Atomic Edge analysis of CVE-2026-42668:
This vulnerability allows an unauthenticated attacker to take over the Omnisend integration for any WooCommerce store running plugin version 1.18.0 or earlier. The flaw resides in the OAuth connect token generation mechanism, which uses a predictable value derived solely from the current Unix timestamp. This enables a brute-force attack against the connect REST API endpoint, ultimately letting the attacker replace the store’s Omnisend API key and brand ID with their own values.

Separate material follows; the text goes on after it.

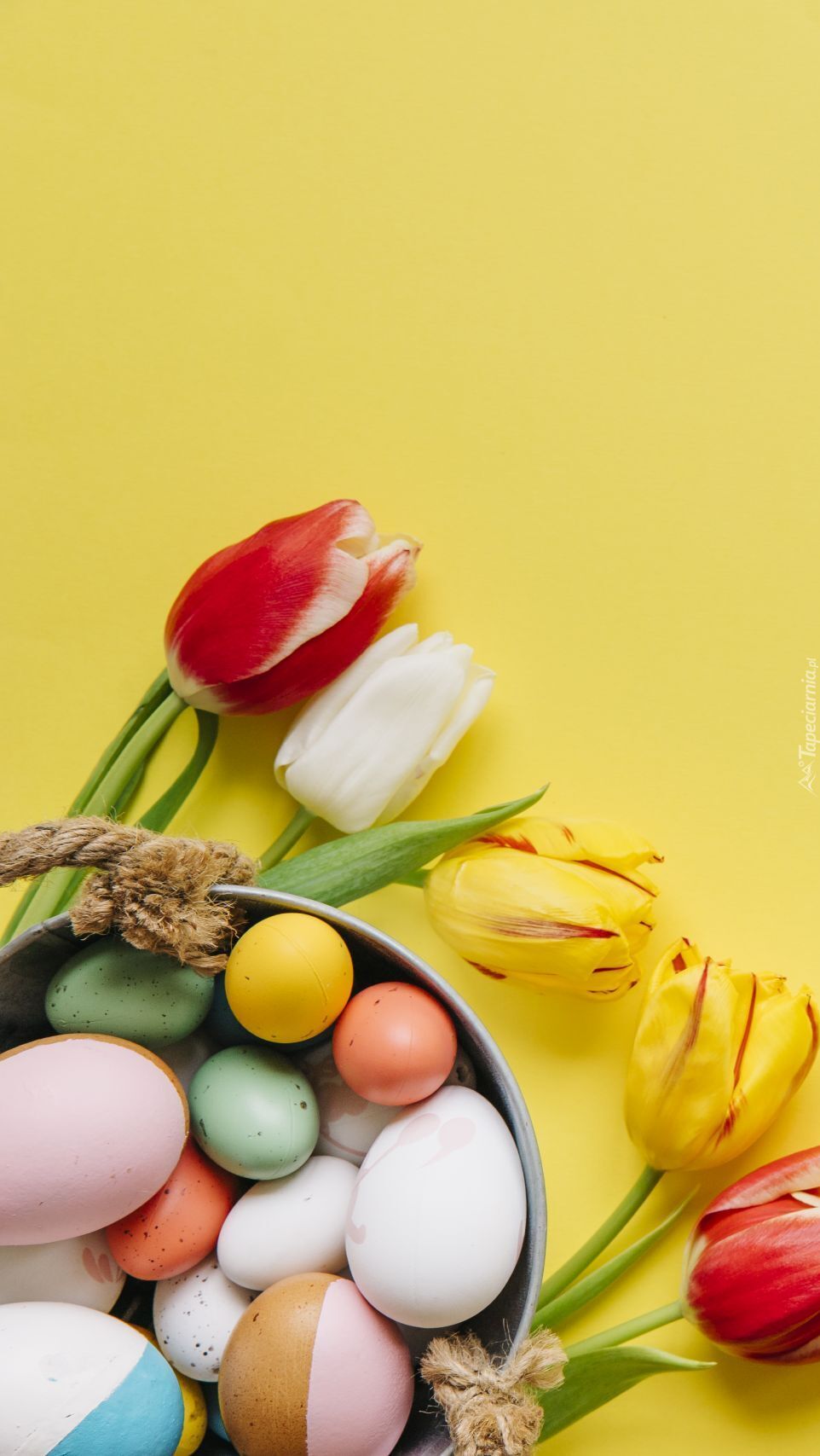 Edytor tapety: Tulipany obok pisanek w wiaderku

The root cause is in the `generate_install_url()` function within `omnisend-connect/includes/class-omnisend-install.php` (line 234 in the vulnerable version). The token was generated as `hash(‘sha256’, time())`, producing a 64-character hex string based only on the current Unix timestamp. Since `time()` returns an integer with one-second granularity, there are at most 86,400 possible values per day. The token is stored in the `omnisend_connect_token` WordPress option and used to authorize the `/wp-json/omnisend-api/v1/connect` REST API endpoint. The `omnisend_rest_api_authorization()` function in `omnisend-api.php` compares the provided token with the stored value using `!==`, which is timing-safe enough but does not mitigate the fundamental weakness of the token space.

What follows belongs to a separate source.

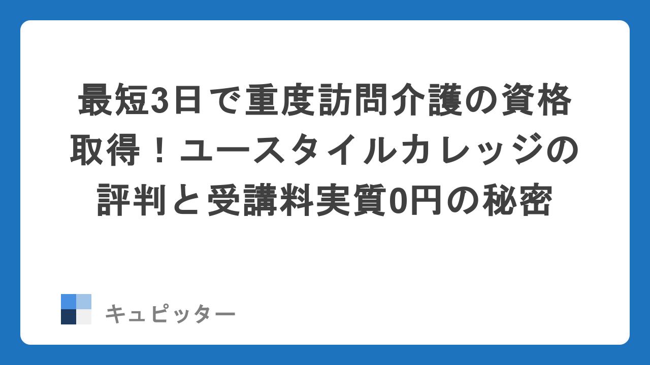 今回は、忙しい方でも無理なく「手に職」をつけられ、現場で圧倒的に求められるスキルが身につく「ユースタイルカレッジ」の重度訪問介護従業者養成研修(統合課程)をご紹介します。

An attacker can exploit this by first determining the approximate server time (via HTTP headers, timestamps in responses, or other means). They then brute-force the 86,400 possible SHA-256 hashes of Unix timestamps around that time window. The attack sends POST requests to `/wp-json/omnisend-api/v1/connect` with a JSON body containing `connect_token` (the guessed hash) and `api_key` and `brand_id` parameters controlled by the attacker. A successful guess (HTTP 200 instead of 401/403) means the attacker can replace the store’s Omnisend credentials. The attack is entirely unauthenticated and requires only network access to the target WordPress site.

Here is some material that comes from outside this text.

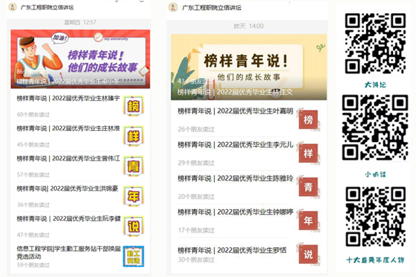 结合教育部办公厅关于在职业院校开展“技能成才 强国有我”主题教育,信息工程学院遴选36名优秀毕业生成为朋辈榜样,依托易班、“广东工程职院立信讲坛”微信公众号,策划“榜样青年说”主题,分6批次宣传推广优秀学生的典型事迹,用身边的优秀朋辈带动学生,引导推动学生发奋图强、健康成长。

The patch in version 1.18.1 changes the token generation in `class-omnisend-install.php` (line 234) from `hash(‘sha256’, time())` to `bin2hex(random_bytes(32))`. This produces a 64-character hex string from a cryptographically secure random source, yielding 2^256 possible values. The token is now unpredictable and cannot be brute-forced. Additionally, the patch refactors the error handling in `omnisend-api.php` to use a unified `omnisend_connect_token_invalid_error()` function, which returns a 403 status for all token validation failures (missing token, empty stored token, or token mismatch). This prevents information leakage about which specific validation step failed. The comparison also switched to `hash_equals()` for timing-safe comparison, though the real security gain is from the random token generation.
The impact is critical: an attacker who successfully guesses the connect token can replace the store’s Omnisend API key and brand ID. This redirects all customer data synchronization (names, emails, orders), order webhook notifications, and marketing email/SMS communications to the attacker’s Omnisend account. The store loses control over its marketing automation, and customer PII is exposed to the attacker. Since the attack requires no authentication and can be automated, any site running the vulnerable plugin is at risk until patched.